Liebres, caracoles… y otros platos.

Nuestro término municipal tiene dos ecosistemas perfectamente definidos -uno de secano y otro de regadío-, lo que hace que sus recursos naturales sean abundantes, y nuestros antepasados siempre supieron sacar el mejor partido de lo que les ofrecía cada temporada del año. Hablaremos primero del aprovechamiento de los animales que se criaban en el campo, y dejaremos para otro momento todo lo relacionado con las plantas autóctonas por ser especialmente extenso.

Uno de los fenómenos que ha ido evolucionando más ha sido el de la caza, que ha adquirido un sentido de entretenimiento casi deportivo, además de llegar a ser una fuente de ingresos nada desdeñable para los Ayuntamientos en forma de impuestos por licencias municipales. En tiempo de nuestros abuelos eran pocos los que tenían escopeta, y la mayoría cazaba con galgo, conformándose con una pieza o dos, que bastaban para comer una vez o echar en escabeche para que se conservara. Por entonces había muchas liebres y muchos conejos, y el campo estaba lleno de bandadas de perdices y codornices, además de las palomas torcaces que iban de paso. Algunos cazaban a lazo, poniéndolos en las camas donde dormían las liebres, y en los nidos cuando estaban empollando codornices, perdices y demás pájaros. Tampoco era de extrañar que alguno contara que había cazado tirándole la cachava a una liebre o un conejo y rompiéndole el espinazo.
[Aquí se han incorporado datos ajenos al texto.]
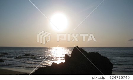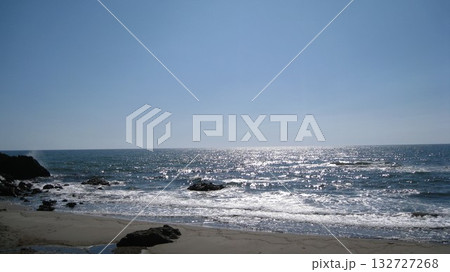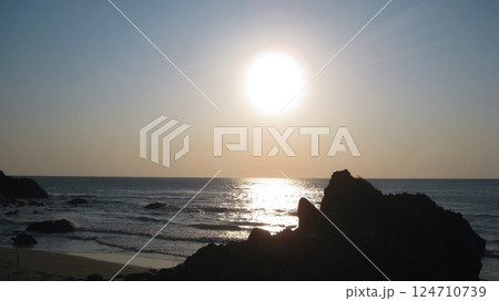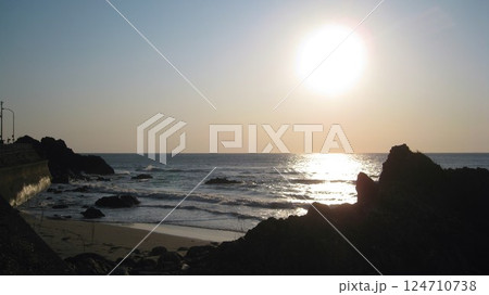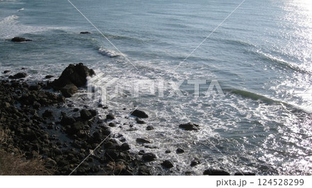 春の日本海の打ち寄せる白波と砂浜と奇岩

Los chicos iban a matar gorriones por las afueras del pueblo o por los plantíos con los tiragomas, y si se les daba bien volvían con una buena partida de pájaros que su madre les freía en la sartén para la merienda.
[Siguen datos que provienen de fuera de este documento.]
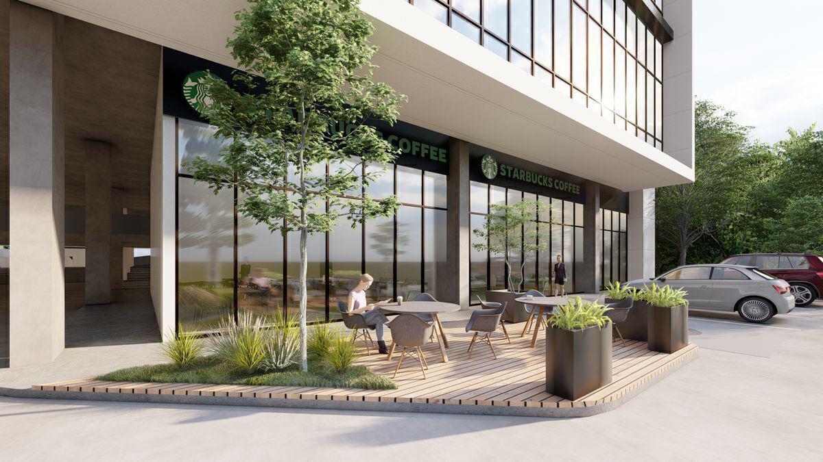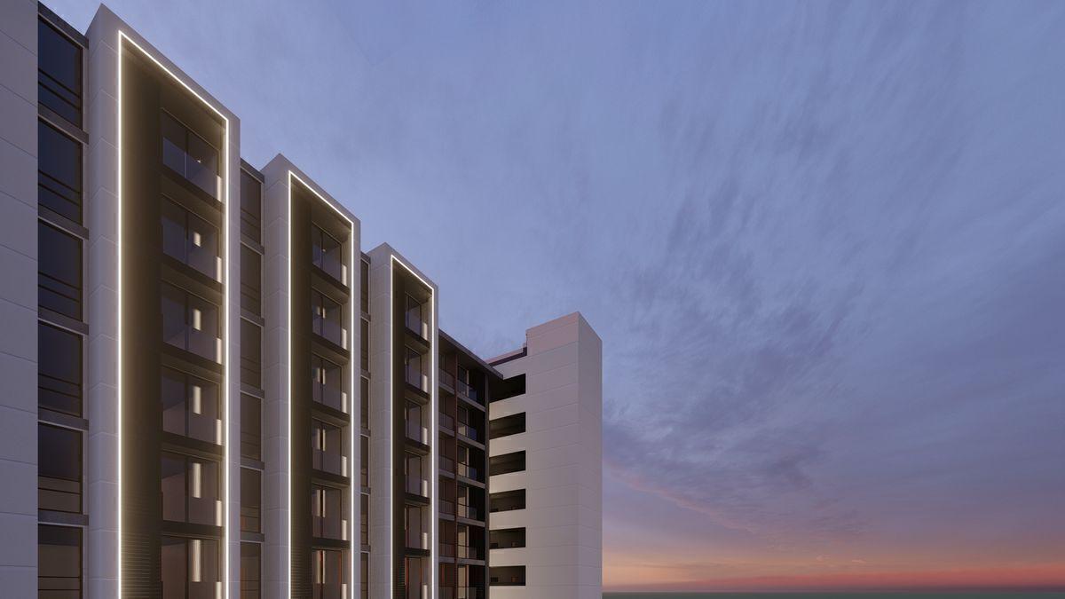 -El proyecto consta de dos bloques arquitectónicos, divididos en una área de comercio junto con otra de oficinas, y la segunda parte en los departamentos residenciales.

La costumbre de ir a buscar caracoles por la noche, ayudados de un farol o cualquier ingenio que alumbrara algo, fue siempre una costumbre muy popular en nuestros pueblos. Solían criarse mucho en toda la vega, y se les encontraba fácil en las orillas de los caminos, en los cirates de los arroyos, en las praderas y en cualquier rincón donde creciera un poco de hierba en primavera, que es cuando más abundan. El refrán dice que los mejores son los de abril, y algo peores ya los de mayo. No eran muy grandes, pero bien guisados tienen más sabor que los de otras partes con mayor tamaño.
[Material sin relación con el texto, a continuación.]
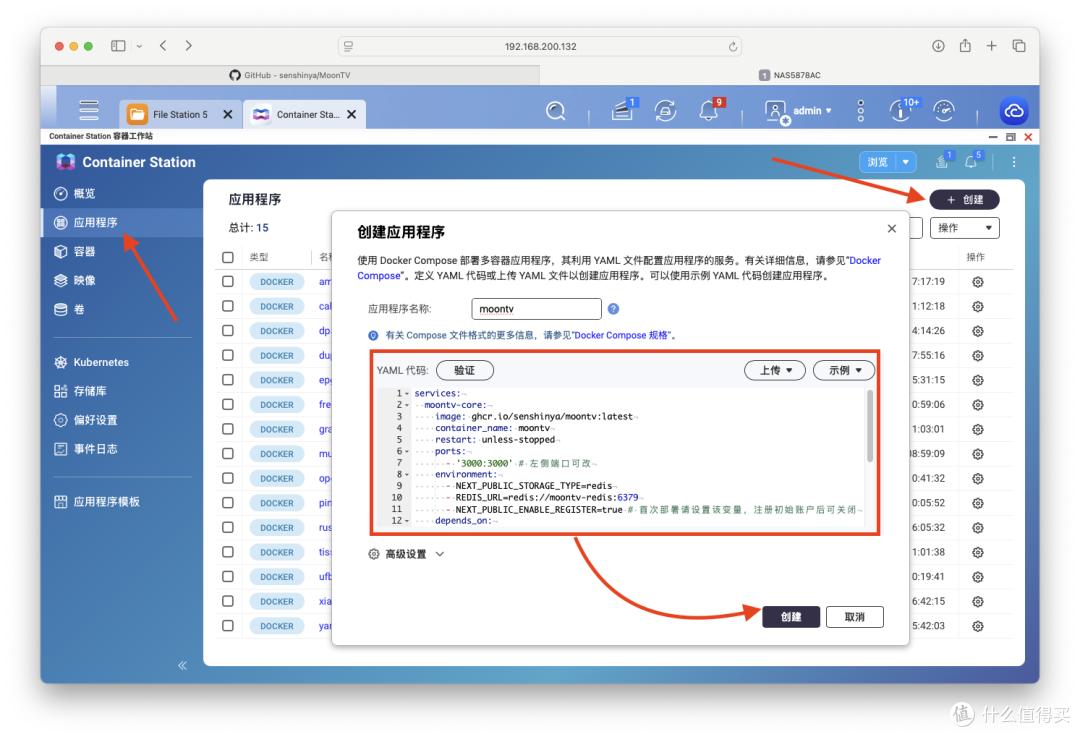 打开Container Station,将代码粘贴进框内修改后创建项目。

Los peces de nuestros ríos eran pequeños, pero había quien los pescaba a mortera o con una cesta para que fueran reteniéndose según bajaba la corriente. Lo que había en cantidad eran cangrejos y ratas de agua. Los cangrejos solían cogerse a retel, poniendo un trozo de tocino para que picaran, pero no faltaba el que los cogía a mano sin mucho esfuerzo de tantos como había. Las ratas vivían en cuevas que ellas mismas hacían a la orilla, con una salida al borde del agua y otra hacia las tierras para salir a comer hierba. Se las cazaba con un cepo de hierro puesto en cada boca, y dicen que tenían una carne muy delicada y que hacían muy buena paella.

Finalmente no queremos olvidarnos de las alimañas, como aves carroñeras, zorros y lobos, que estaban perseguidos por los Ayuntamientos y recompensaban con dinero a los que los mataban. Yo recuerdo, siendo pequeño, que alguna vez los mozos pasaban pidiendo por las casas con la piel de un lobo, y los vecinos les daban huevos, morcillas o lo que tuvieran por haberles librado del daño que hacían en las ovejas o donde pegaran.

En aquellos tiempos de economías apuradas y de estrecheces, el aprovechamiento de los recursos naturales que daba el campo era una buena ayuda para las familias, y la gente sabía apreciarlo en todo lo que valía. Todavía quedan muchos que lo recuerdan.